Pictures do not belong in the copy. Output exactly the lines from the one containing "Black Color Contrast" to the end of the listing below.

[RECORDED INFORMATION]

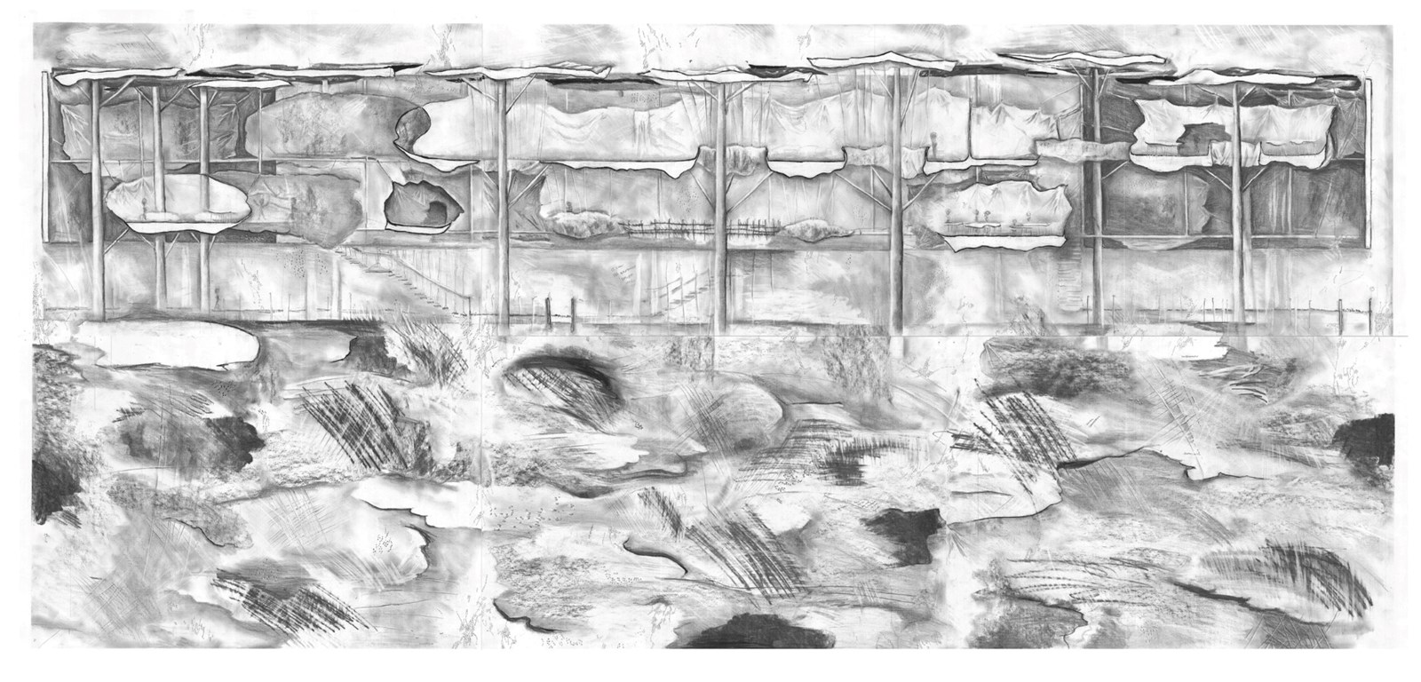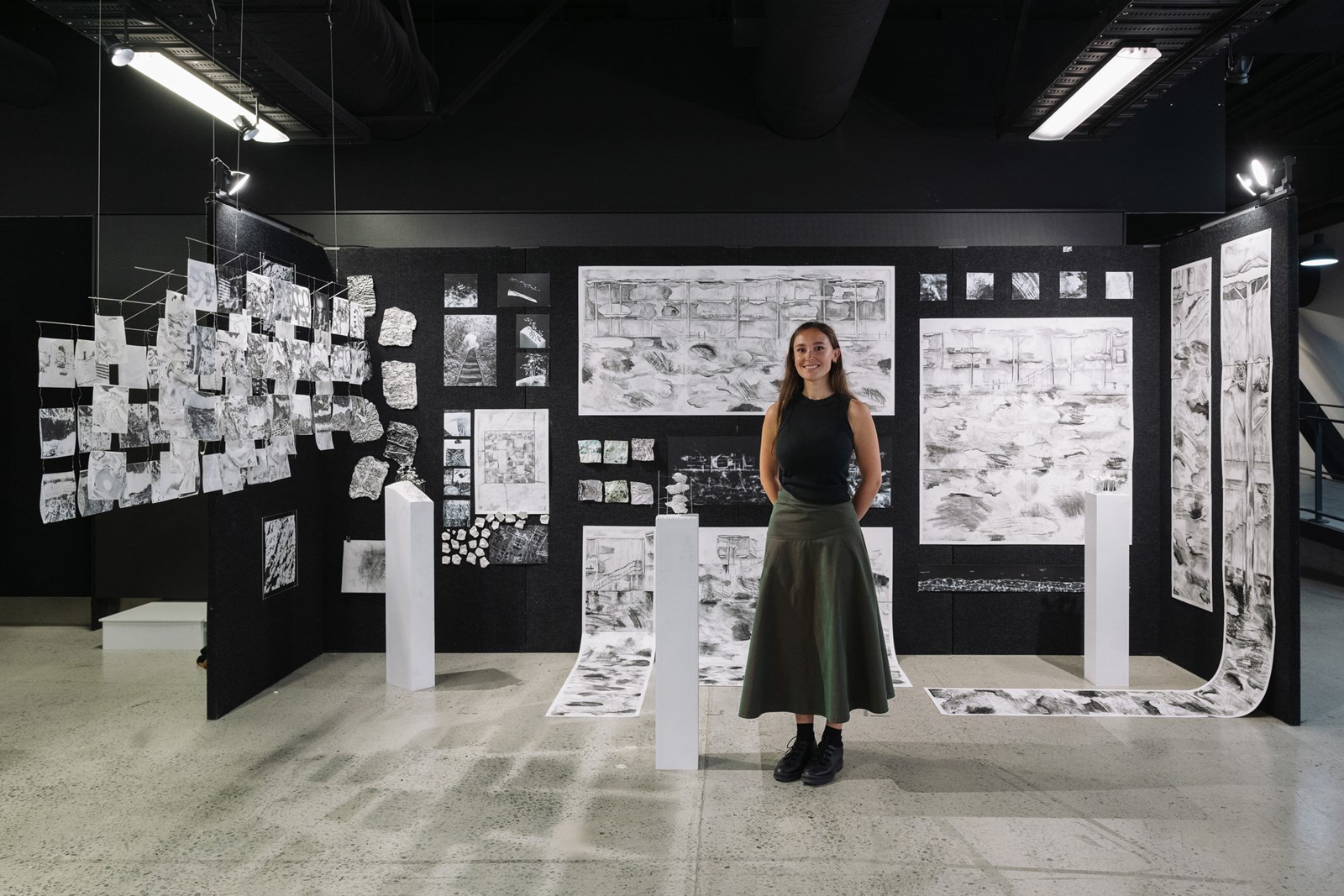 Ella perceives the abstract black-and-white architecture drawings as a collaboration between herself and the earth. Drawing is used as a medium to think through, experiment and map out the turbulent relationship with the ground, culminating in the reimagining of the Dominion Museum, a heritage commercial building. With its architectural origins rooted in the Chicago-inspired style, the building is not indigenous to place and by dissolving its solidity, gravitas is given over to the ground beneath.
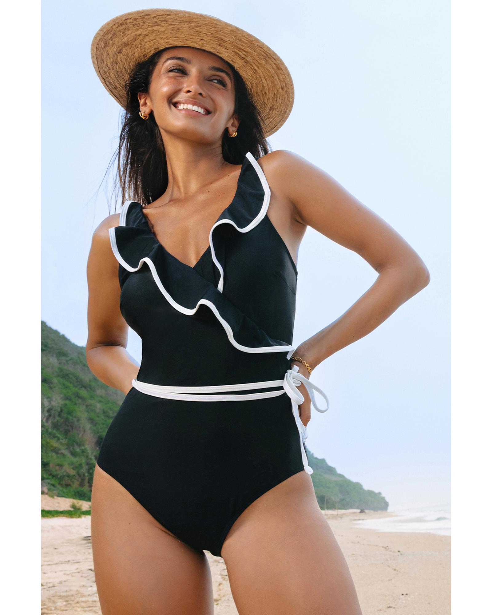 Black Color Contrast Ruffled Wrap V Neck Swimsuit – S
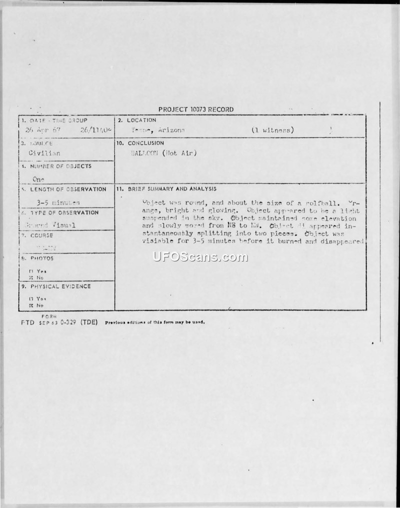 PROJECT 10073 RECORD - Sighting Report 26 April 1967, Tempe, Arizona
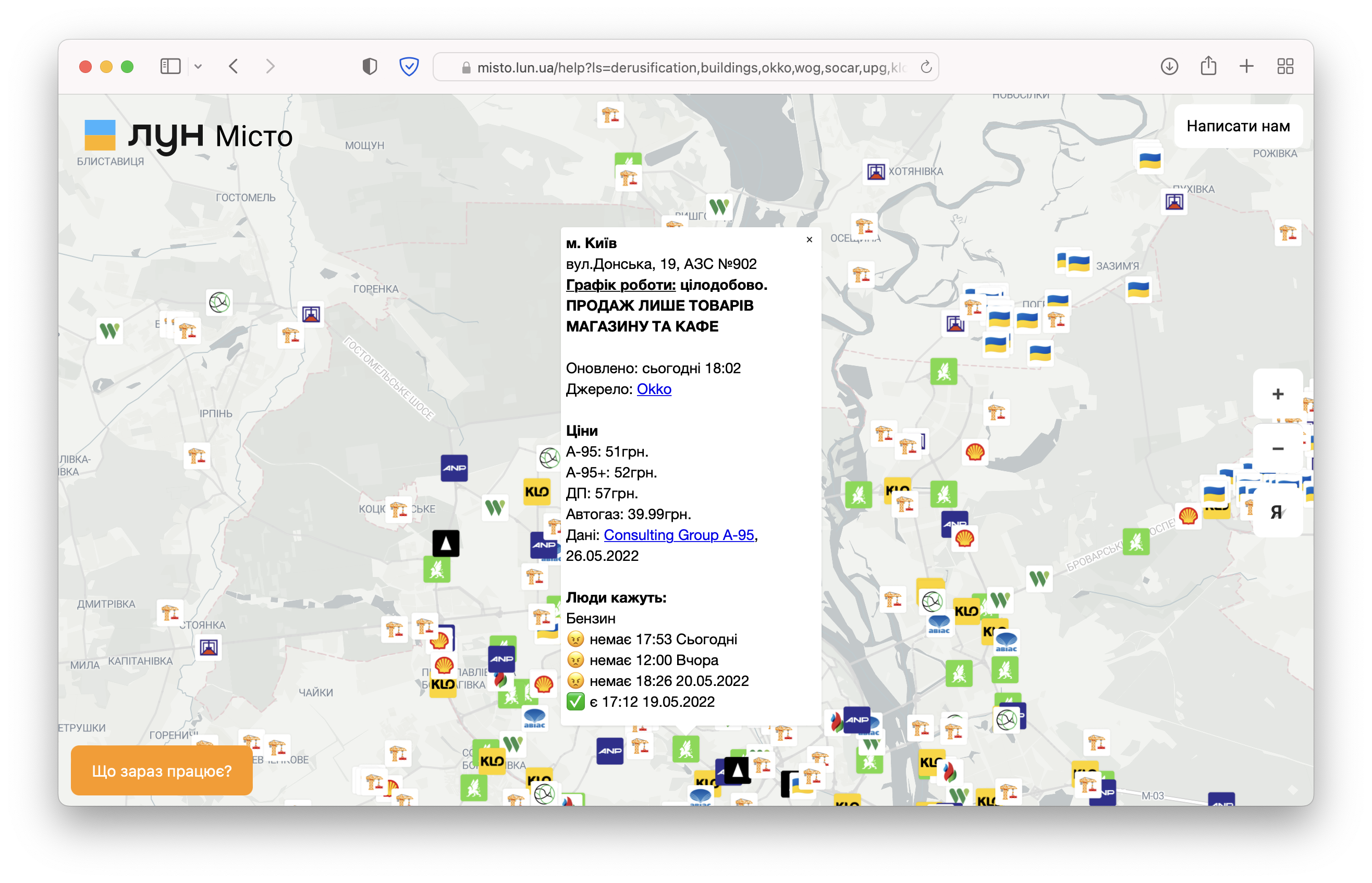 Teraz użytkownicy mogą korzystać z mapy, aby w czasie rzeczywistym sprawdzać dostępność i cenę paliwa na stacjach benzynowych. Dodatkowo możesz sprawdzić kolejkę, poznać adres oraz zaktualizować informacje o dostępności paliwa, jeśli jesteś na jednej ze stacji. Do tej pory na mapie znajdują się stacje paliw następujących firm: WOG, UPG, Avias, Ukrnafta, Chipo, KLO, OKKO, Shell, SOCAR, UPG i Avantage7.

[/RECORDED INFORMATION]

» RESPONSE BELOW
 Black Color Contrast Ruffled Wrap V Neck Swimsuit – S
 PROJECT 10073 RECORD - Sighting Report 26 April 1967, Tempe, Arizona
 Teraz użytkownicy mogą korzystać z mapy, aby w czasie rzeczywistym sprawdzać dostępność i cenę paliwa na stacjach benzynowych. Dodatkowo możesz sprawdzić kolejkę, poznać adres oraz zaktualizować informacje o dostępności paliwa, jeśli jesteś na jednej ze stacji. Do tej pory na mapie znajdują się stacje paliw następujących firm: WOG, UPG, Avias, Ukrnafta, Chipo, KLO, OKKO, Shell, SOCAR, UPG i Avantage7.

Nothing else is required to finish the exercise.